» SUPPLIED DATA
------

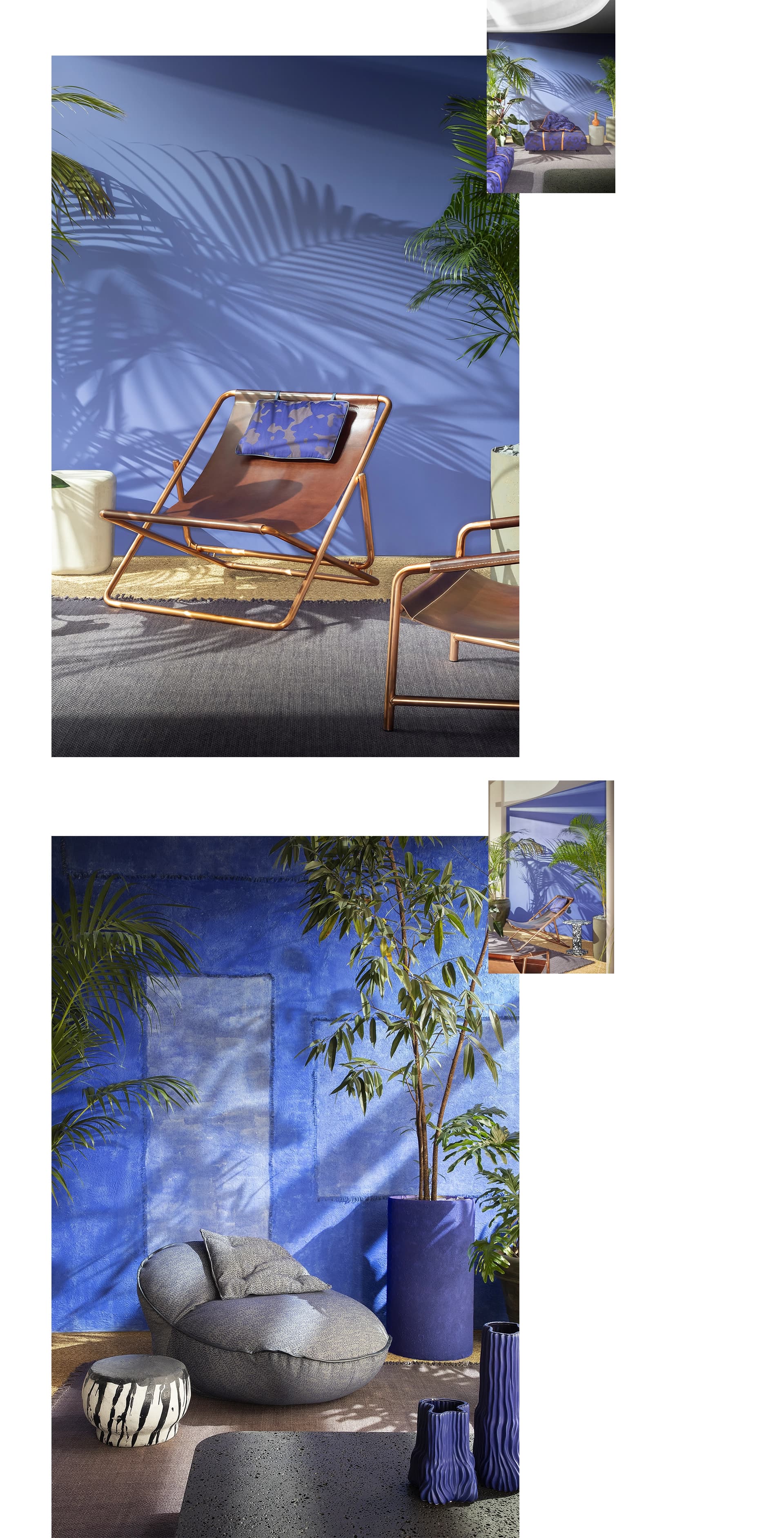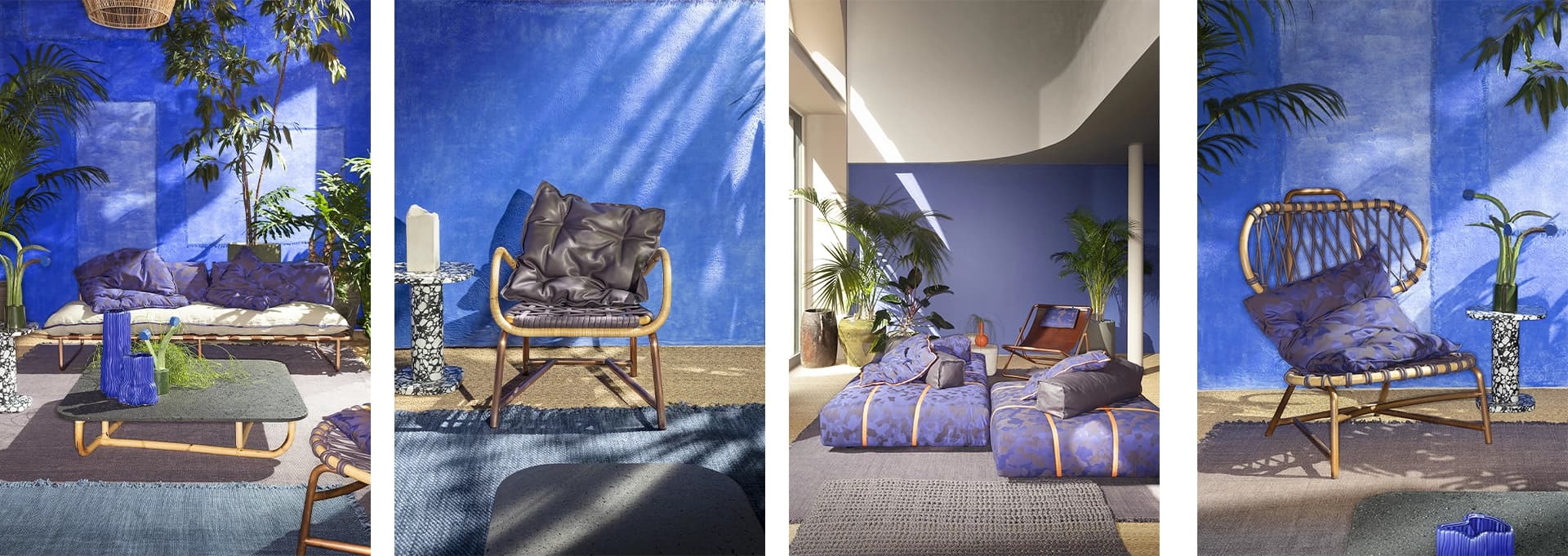 Protagonista Paola Navone, che con le sue creazioni open-air modula lo spazio con leggerezza e allo stesso tempo tinge gli ambienti di blu, il suo colore di riferimento. Occasione perfetta per presentare anche il nuovo tessuto outdoor di Baxter: il Camo Blu. Un camouflage di tinte – dal blu ardesia scuro al mezzanotte – che rievoca il continuo mutamento di cieli notturni.
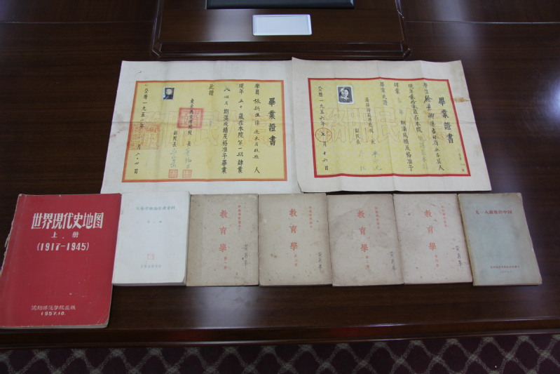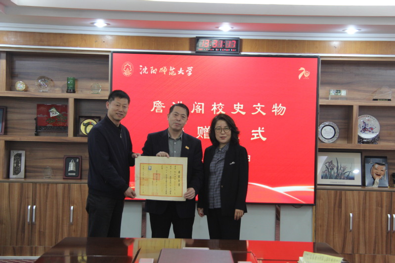捐赠仪式上,詹洪阁先生感慨学校的飞速发展,畅谈校史馆建设的建议和意见,希望为学校教育事业发展、学科建设和学生的培养贡献一点自己的力量。他表示,搜集、抢救和捐赠中国近现代具有重要社会价值的史料,使之回归到需要的地方,是他长久以来的愿望及努力的方向。而教育领域的文献、各大院校的资料,是他重点关注的内容之一。本次捐赠的史料中,有由沈阳师范学院出版的《世界现代史地图》、《九一八前后的中国》和《文艺学概论》等教材及参考资料,有1952年东北教育学院学员毕业证书,有1952年学生使用的《教育学》教材等,史料内容丰富,收藏价值高。希望捐赠的校史史料,有助于学校的人才培养、校史建设等。
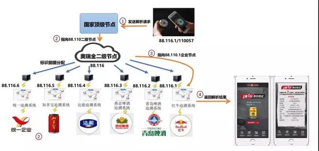 奥瑞金为食品饮料做罐装包装,奥瑞金科技牵头建设的二级节点主要面向食品饮料工业。奥瑞金二级节点为企业用户分配标识前缀。用户通过识读产品上的二维码,向工业互联网标识解析体系发送解析请求,通过国家顶级节点、二级节点、企业节点,解析出产品的追溯信息及营销信息,并将解析结果返回查询终端。通过产品溯源,进一步可以帮助企业实现消费者画像,进而提供精准营销等服务。

------

» WORK TO BE COMPLETED
Without including any pictures, copy every line above exactly.

» ANSWER SECTION
 Protagonista Paola Navone, che con le sue creazioni open-air modula lo spazio con leggerezza e allo stesso tempo tinge gli ambienti di blu, il suo colore di riferimento. Occasione perfetta per presentare anche il nuovo tessuto outdoor di Baxter: il Camo Blu. Un camouflage di tinte – dal blu ardesia scuro al mezzanotte – che rievoca il continuo mutamento di cieli notturni.
捐赠仪式上,詹洪阁先生感慨学校的飞速发展,畅谈校史馆建设的建议和意见,希望为学校教育事业发展、学科建设和学生的培养贡献一点自己的力量。他表示,搜集、抢救和捐赠中国近现代具有重要社会价值的史料,使之回归到需要的地方,是他长久以来的愿望及努力的方向。而教育领域的文献、各大院校的资料,是他重点关注的内容之一。本次捐赠的史料中,有由沈阳师范学院出版的《世界现代史地图》、《九一八前后的中国》和《文艺学概论》等教材及参考资料,有1952年东北教育学院学员毕业证书,有1952年学生使用的《教育学》教材等,史料内容丰富,收藏价值高。希望捐赠的校史史料,有助于学校的人才培养、校史建设等。
 奥瑞金为食品饮料做罐装包装,奥瑞金科技牵头建设的二级节点主要面向食品饮料工业。奥瑞金二级节点为企业用户分配标识前缀。用户通过识读产品上的二维码,向工业互联网标识解析体系发送解析请求,通过国家顶级节点、二级节点、企业节点,解析出产品的追溯信息及营销信息,并将解析结果返回查询终端。通过产品溯源,进一步可以帮助企业实现消费者画像,进而提供精准营销等服务。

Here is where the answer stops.